A Shopping List for Positive Change
- Choose products and/or packaging that use renewable or recycled materials first.
- Reward manufacturers that are doing the right thing. Make those eco choices part of their competitive advantage. Watch for new products using bio-based plastics (plastics made from renewable crops such as corn or soybeans).
- Buy locally. Products produced locally don’t have to travel as far, and thus burn less fuel.
- Choose products currently recycled in your area; plus look for those that close the loop. Stay familiar with the recycling rules for your curbside program. Not all areas take all materials. Give preference to products that allow you to close the loop.
- Use common sense. Concentrates are better than ready-to-use products. Do you really need cheese in individually wrapped slices? If the package is plastic, is it adding a positive user feature, such as shampoo in a shatter-proof bottle for safety? If it looks wasteful, it is. Don’t encourage manufacturers to produce bad products with your money.
- Be an eco-purchasing activist. In general, if you regularly buy a product that’s overall really good, but has unfriendly packaging, drop the company a letter. Tell them you would like to keep buying their product but their un-eco packaging is making it hard for you. If there’s a competing product packaged in a more responsible way, point that out, too. Support manufacturers that are proud of their eco efforts (usually printed right on their packaging with more details on their web site).

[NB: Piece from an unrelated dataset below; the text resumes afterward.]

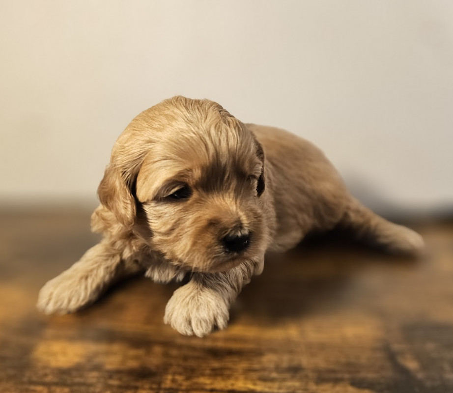 Ollie is the son of Show Low, our 15 lb mini Goldendoodle known for her sweet nature, and a 7 lb AKC-registered poodle who brings intelligence and refinement to the mix. With this lineage, Ollie is sure to be low-shedding, smart, and affectionate.
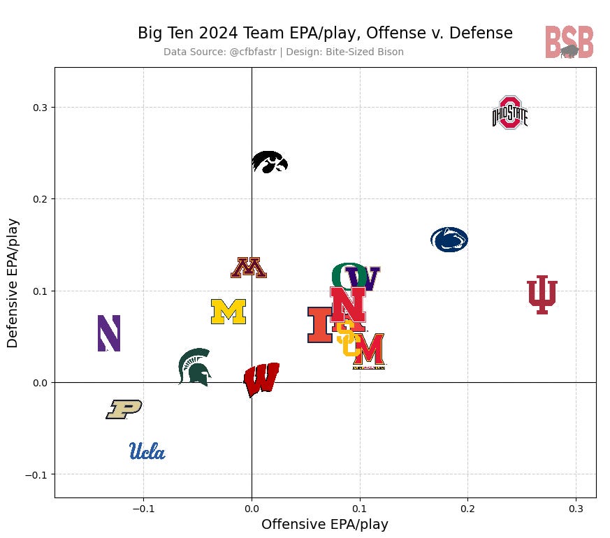 EPA (Estimated Points Added) is the best existing metric for conveying a play’s value. I explain a bit in the Gameday Roundup how it works, and in the below graph, each Big Ten team’s EPA is split between offense and defense to show which teams are statistically better in each phase.

- If you see a friend using a product you know a good eco alternative for, casually mention it.
- Teach your kids why good buying choices and recycling are important. There are many web sites to help them get involved.
- If your company doesn’t recycle, organize a recycling pool, and take turns carting the recycling home for curbside pick-up.
- After a little research, give your company’s purchasing department alternatives for more eco-friendly products. Most people will pick a more suitable eco product if given the option. Make it easy for them.